The inner ear, where sound is converted to electricity (and sent to the brain via the auditory nerve network), is very dependent on healthy circulation. Though very small when compared to other vital organs, it is an energy-intensive part of the body and requires a constant inflow of nutrients.
This is why diabetes, unfortunately, is very much a risk factor for hearing loss. Current research posits that diabetics are two times more likely to have hearing issues than non-diabetics.

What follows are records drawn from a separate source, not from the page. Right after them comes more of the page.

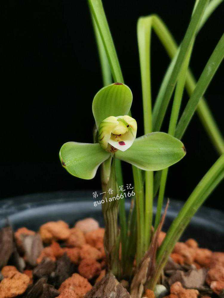 鉴赏:梅瓣,五瓣分窠。外三瓣短圆、收根、肩平,偶有飞肩状开品,观音兜捧心,刘海舌,花色不净。春兰梅瓣中上乘之品,有人说可与“宋梅”相媲美亦有一定的道理。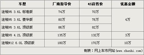 途銳是大眾首款引進(jìn)我國的SUV車型,在3.6L及4.2L率先上市后,大眾為了滿足消費(fèi)者的更大胃口,緊接著又推出了搭載12缸發(fā)動機(jī)的6.0L車型。隨著大排量消費(fèi)稅的頒布,給9月份后入關(guān)的大排量車型帶來了一次不小的沖擊,令大排量汽車價(jià)格都上調(diào)了不少,大眾途銳6.0L頂級版也從原來158萬元的價(jià)格上調(diào)至了180元。近日據(jù)網(wǎng)上車市價(jià)格系統(tǒng)監(jiān)測顯示,大眾途銳全系的最高優(yōu)惠達(dá)到了10萬元,具體詳情請看下表:
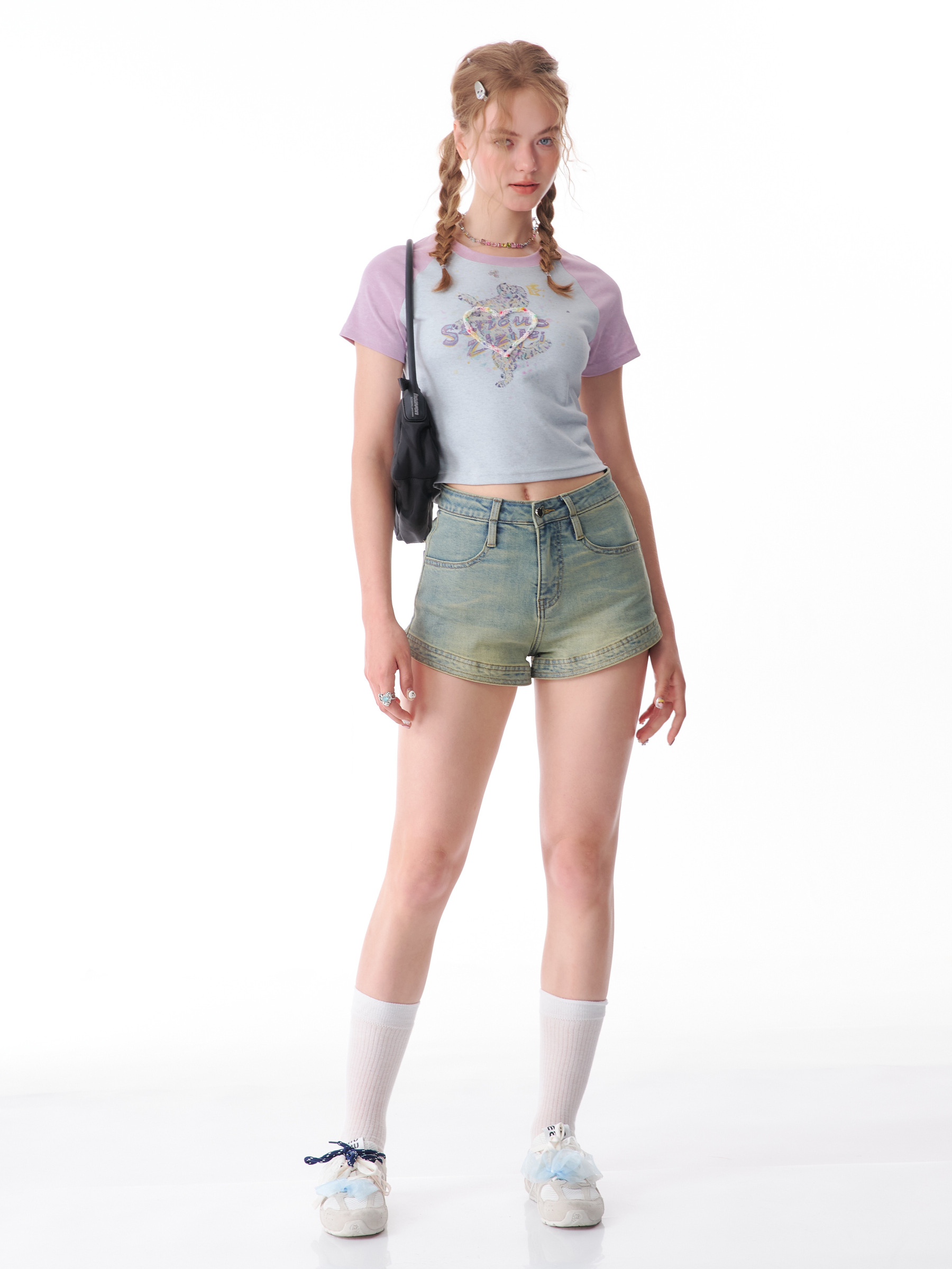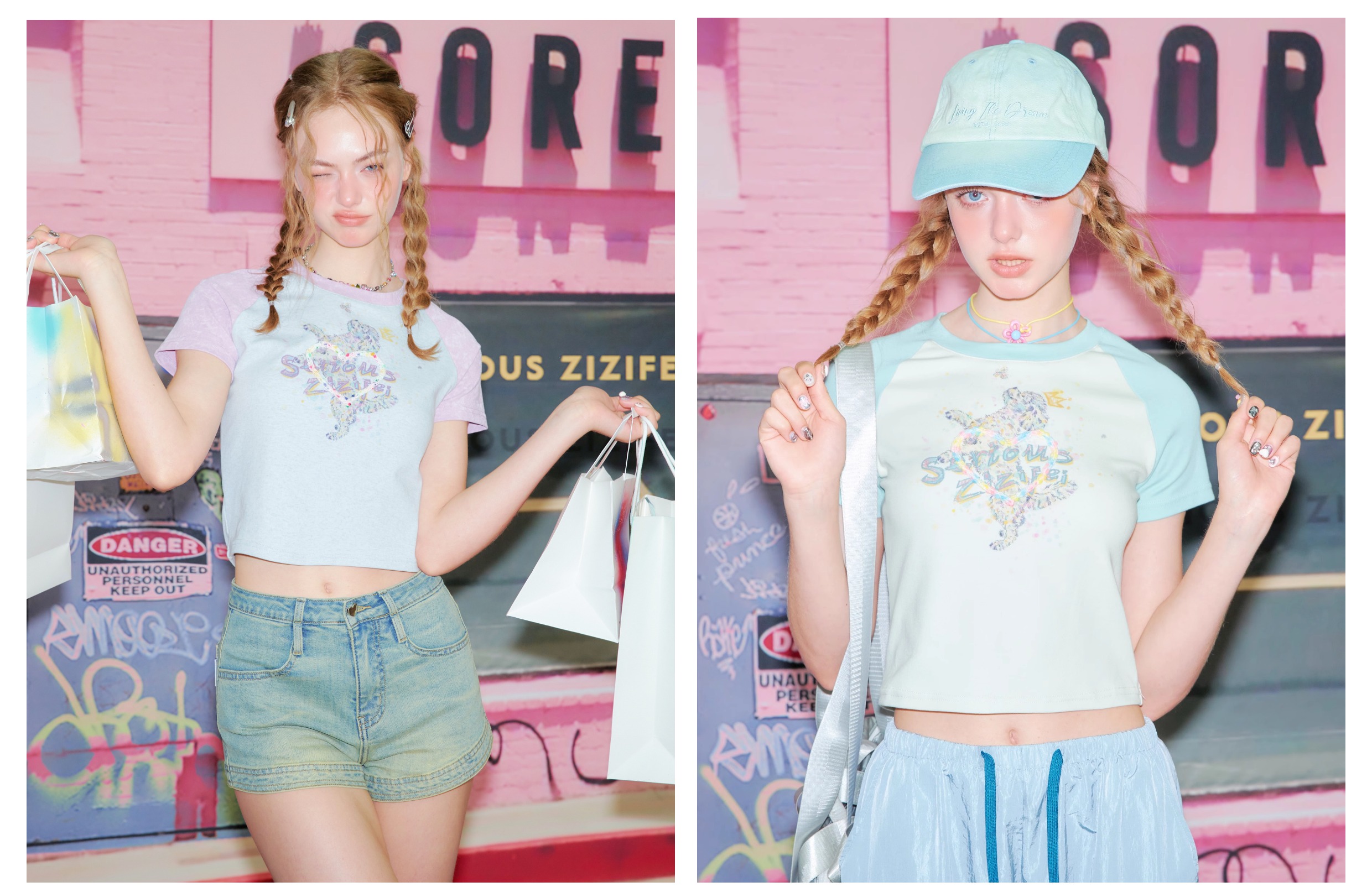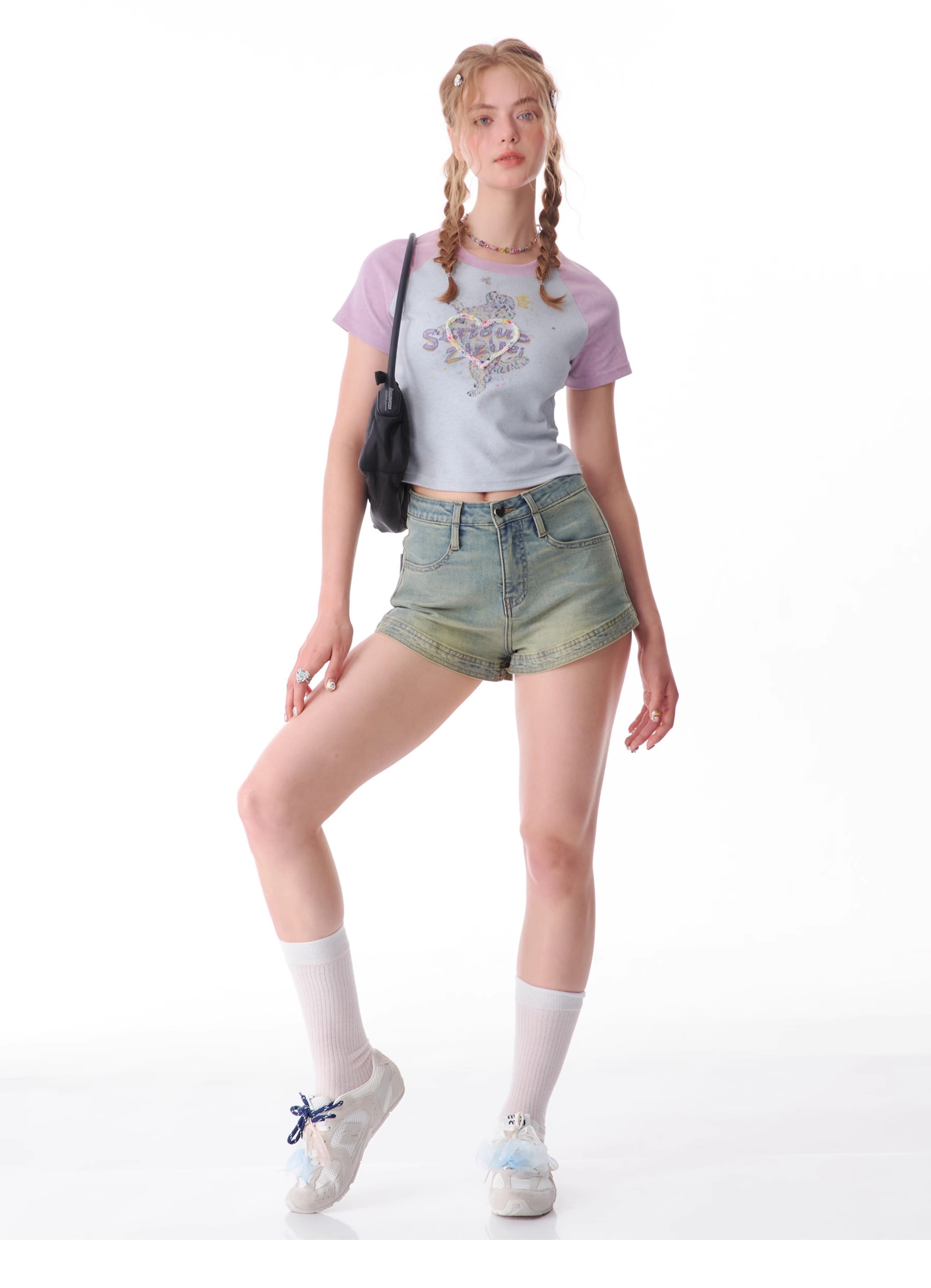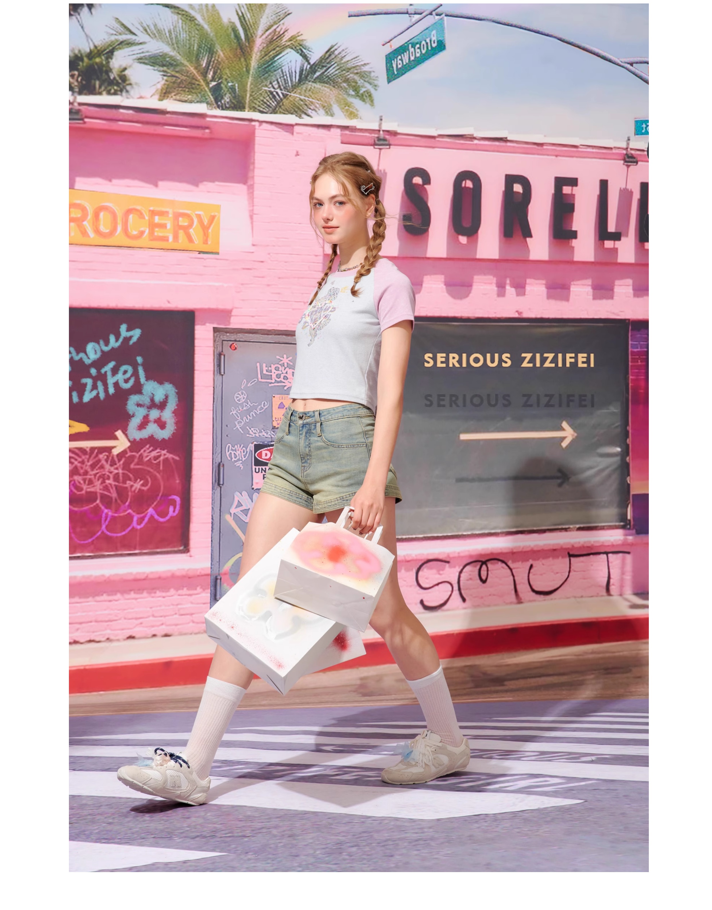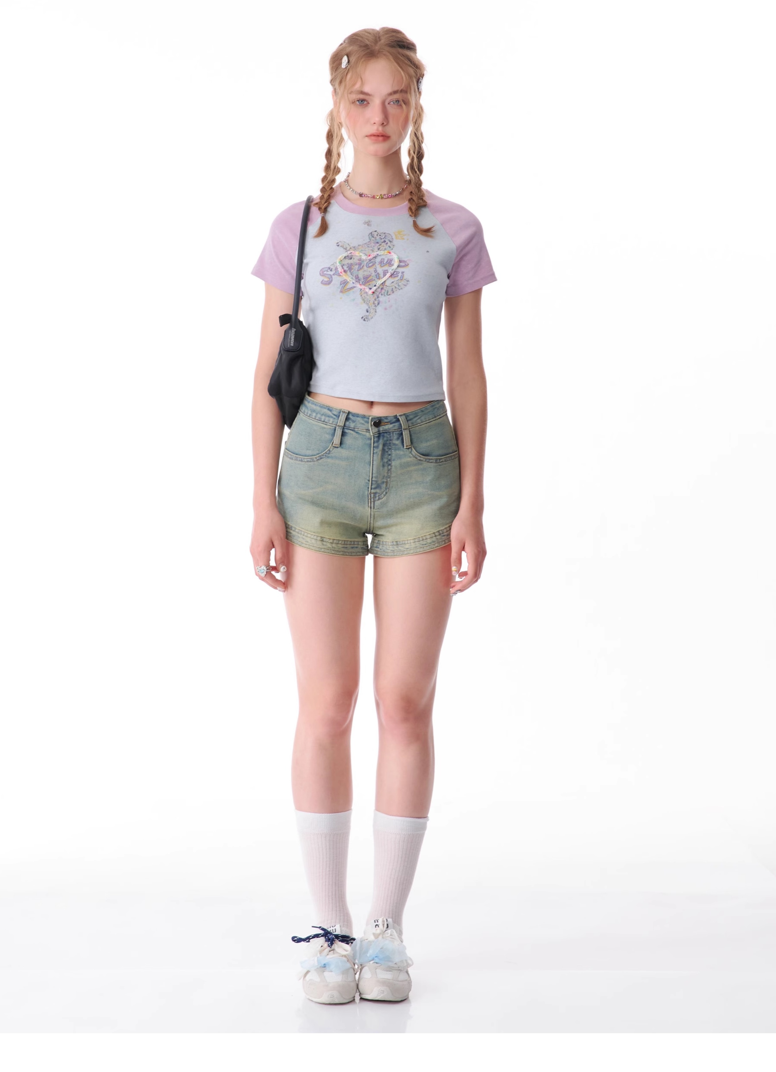 3D Love Dog Print T-shirt | Raglan Sleeve Contrast Design for Summer

Since diabetes inhibits the bloodstream’s ability to transport glucose, a sugar vital to transferring energy to cells, it can prevent the ear from functioning normally. There is also evidence that the elevated levels of blood glucose — diabetes causes glucose to buildup in the blood rather than be transferred to cells throughout the body — damages the blood vessels that are vital to the inner ear.
One fundamental role these blood vessels play is in nourishing the stereocilia, the tiny hair cells that are a crucial part of the inner ear. These hairs cannot regrow or regenerate after being damaged. And a lack of healthy blood flow will damage them.
Diabetes, if untreated, can wreak havoc with much of the body’s functions. It can cause blindness, organ failure, and lead to amputation of extremities.
A 2012 study published in the Journal of Clinical Endocrinology and Metabolism concluded, after evaluating 13 other studies based on over 20,000 subjects, that the higher risk for hearing loss in diabetics was clear and cut across age and other risk factors.
The general advice to diabetics — exercise regularly and keep weight under control — will also lessen the chances of hearing loss. In addition, protecting ears from other risk factors, such as excessive noise, is even more important for a diabetic.